Rattner conceded that it was Intel's fault that AMD had been able to get a number of new technologies, such as the more powerful 64-bit processors, to market before its larger rival. From being seen as an also-ran in the microprocessor market a few years ago, AMD is now a significant rival to Intel and now has about quarter of the market for servers and desktops that run on "x86" processors. "X86" refers to the chip architecture developed by Intel which now runs the vast majority of Windows computers.
"I think we got ourselves into a position with the Pentium 4 micro-architecture where we just tried to stretch it beyond what was a reasonable point," said Rattner. "In some sense, we didn't heed our own warnings."
But as you might expect from a man who has worked with the chip giant since 1973, Rattner is quietly confident of Intel's position as new generations of technology are introduced. Press and analysts have criticised some of the choices Intel has made about how to implement multi-core processors - packages which contain a number of chips or "brains" rather than the traditional single processors. This is the next front in the battle with AMD, but Rattner believes Intel has made the right decisions which will allow it to shortly introduce quad-core processors ahead of the competition.
"The bus architecture has given us one very unique advantage and that is the ability to introduce first dual and then quad core, very early," says Rattner. "It's extremely straightforward to package two dual core die and we get really excellent performance out of that dual die approach. The reason the competition isn't doing that is they can't, it's technically impossible. They have to wait until they can put four processors on a die, so Intel is going to be in the market probably six or nine months before we see it from the competition."
Despite the fact that Intel has a lead in what Rattner calls the "core wars", he believes the importance of multiple cores can be overplayed.
"I think a number of us are concerned that it becomes cores for the sake of having cores rather than cores for user benefit," explains Rattner.

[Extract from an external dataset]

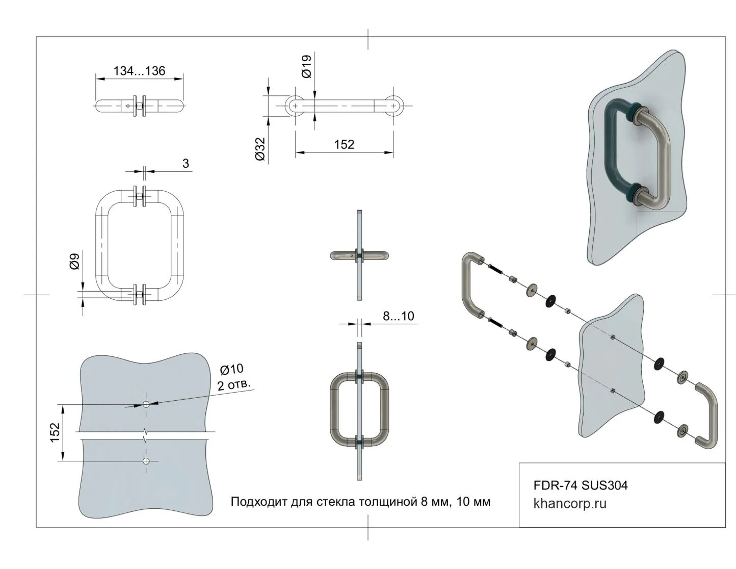 Модель адаптирована для использования на стеклянных поверхностях с толщиной от 8 до 10 мм, что соответствует большинству современных типов стеклянных панелей для душевых кабин. Крепежные отверстия в стекле должны соответствовать рекомендуемым размерам — от 8 до 10 мм, что гарантирует надежность и стабильность конструкции.

The two areas that he expects to benefit immediately from having four cores in a single processor package are widely contrasting - financial services and computer gaming. Rattner says competitive advantage in financial services is increasingly delivered by information technology and so firms in this sector readily embrace new technology. On the games front, he says the realism of games can be enhanced significantly by dedicating cores to tasks such as running the physics engine (the "rules" of the games virtual world) or providing artificial intelligence that makes computer opponents act more like real ones.
Finding applications that will encourage other sectors to invest further in IT generally and Intel-based products will be part of the remit of the Innovation Value Institute (IVI) in Maynooth. One of several such centres that Intel sponsors worldwide, it looks at how businesses and the public sector can get increased value from their IT investments. The Irish centre will look initially at further developing and encouraging the uptake of frameworks which measure the maturity of a company's IT infrastructure.

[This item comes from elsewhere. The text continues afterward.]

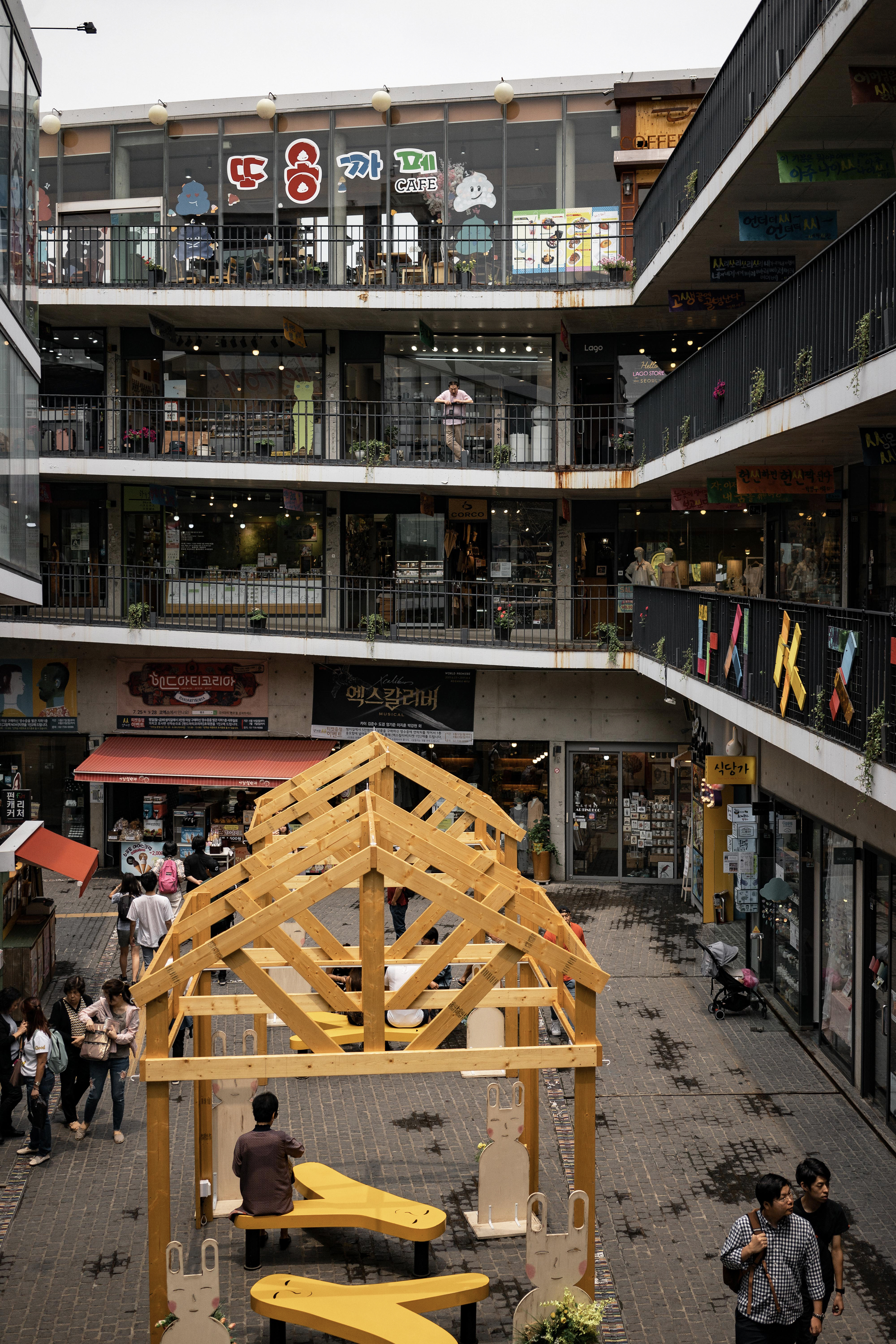 C’est ici qu’on a aperçu le Ddong café (comprenez poop café) ahahah. C’était amusant de passer devant mais nous n’avons pas testé. Par contre le petit centre commercial dans lequel il se trouve est génial. Beaucoup de créateurs et artistes !

Rattner is particularly keen on the ability of the IVI centres to demonstrate technologies around artificial intelligence, or machine learning as it is more commonly known now. In fact, Intel makes use of this new generation of software technologies in its Fab 24-2 facility in Leixlip, Co Kildare, which was officially opened in June.
While the underlying mathematics that the software uses may be beyond the comprehension of most people the application is simple - it enables Intel to service multimillion euro chip manufacturing machinery at the optimum time.
While such examples should encourage large enterprises to look at how they can benefit from advanced software, the reality is often more prosaic. A report from industry analysts Gartner released in the same week that Rattner visited Ireland showed that 91 per cent of technology spend is on maintenance of existing technology rather than investment in new systems.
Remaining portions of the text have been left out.